B) Chemosis: lids and/or nictating membranes
No swelling 0
Any swelling above normal (includes nictating membranes) 1
Obvious swelling with partial eversion of lids 2
Swelling with lids about half closed 3
Swelling with lids more than half closed 4

C) Discharge (Rating according to the DRAIZE method )
No discharge 0
Any amount different from normal (does not include small
amounts observed in inner canthus of normal animals) 1
Discharge with moistening of the lids and hairs just adjacent to lids 2
Discharge with moistening of the lids and hairs,
and of a considerable area around the eye 3

Mean score of all animals = Mean grading for irritations of cornea, iris, and conjunctivae per time point
Mean score per animal = Mean grading for each animal of irritations of cornea, iris, and conjunctivae (1, 24, 48, and 72 hours after application)
Maximum value = Maximum grading of a sign of irritation within a period

Results and discussion

In vivo

Results
Irritation parameter:
overall irritation score
Basis:
mean
Time point:
other: 1 h, 24 h, 48 h, 72 h
Score:
0
Max. score:
1
Reversibility:
fully reversible
Irritant / corrosive response data:
No signs of irritation were observed at the cornea and iris. The conjunctivae showed redness (score 1) on day 1 of the study. Later on no signs of irritation were observed. The untreated eyes were unchanged.
Other effects:
No signs of clinical toxicity were detected.

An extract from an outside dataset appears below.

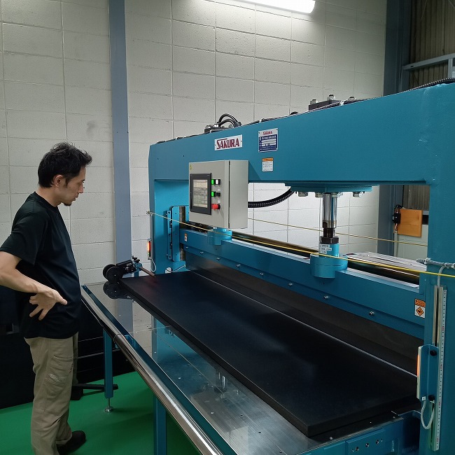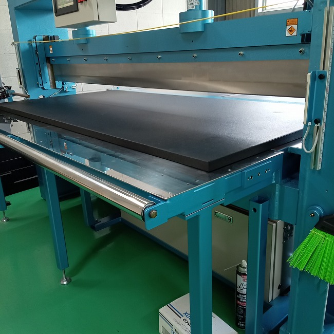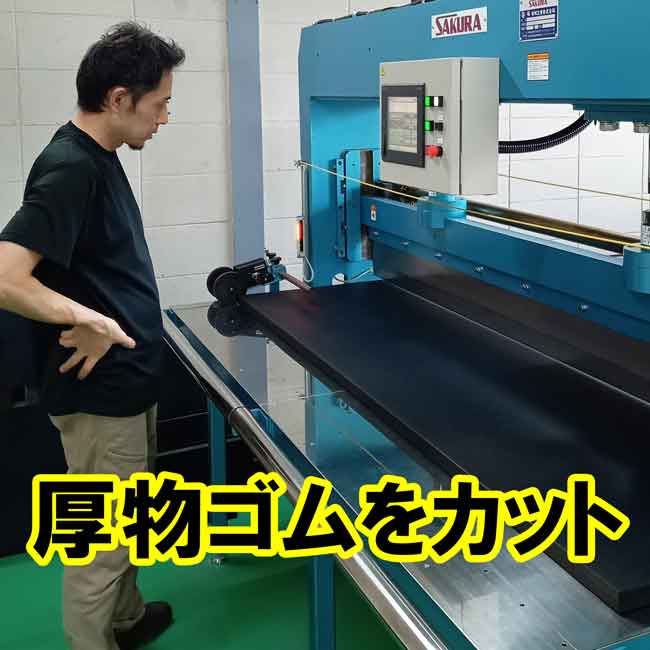 厚いゴムは専用の裁断機を使ってカットしています。刃が垂直に降りるタイプの裁断機ですので、複雑なカットができるわけではありませんが、ご指定の縦横寸法にカットするのはこの裁断機がないと困難です。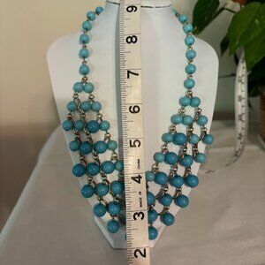 Add a pop of color to your outfit with this stunning blue beaded necklace. The necklace is 19 inches in length. This necklace is perfect for any occasion and will add a touch of beauty to any outfit. The necklace is a great addition to any jewelry collection and is sure to become a favorite. Whether you're dressing up for a special event or just want to add some flair to your everyday look, this necklace is a must-have.

Any other information on results incl. tables

Eye alterations

Clinical findings

No signs of irritation were observed at the cornea and iris. The conjunctivae showed redness (score 1) on day 1 of the study. Later on no signs of irritation were observed. The untreated eyes were unchanged.

No signs of clinical toxicity were detected.

Mortality

All animals survived the observation period.

Body weight

Body weight development of the treated rabbits was inconspicuous.

Applicant's summary and conclusion

Interpretation of results:
not irritating
Remarks:
Migrated information Criteria used for interpretation of results: EU
Conclusions:
According to the EC Regulation 1272/2008 the test material CCP-V-1 has not to be regarded as an irritant for the eyes. It has shown a very weak irritating potential.
Executive summary:

Purpose

The purpose of this primary eye irritation assay was to provide information on possible health hazards in case of acute eye contact with a test material and serve as a a rational basis for risk assessment to the eye irritating potential of the test item in man.

Study design

CCP-V-1 was tested for its toxicological properties. For the test of primary eye irritation, 0.1 g of the ground test material was applied into the conjunctival sac of rabbits.

The first examination of the eyes followed 1 hour after instillation. The examinations were performed daily for further 7 days.

Results

No signs of irritation were observed at the cornea and iris. The conjunctivae showed redness (score 1) on day 1 of the study. Later on no signs of irritation were observed. The untreated eyes were unchanged.

Conclusion

According to the EC Regulation 1272/2008 the test material CCP-V-1 has not to be regarded as an irritant for the eyes. It has shown a very weak irritating potential.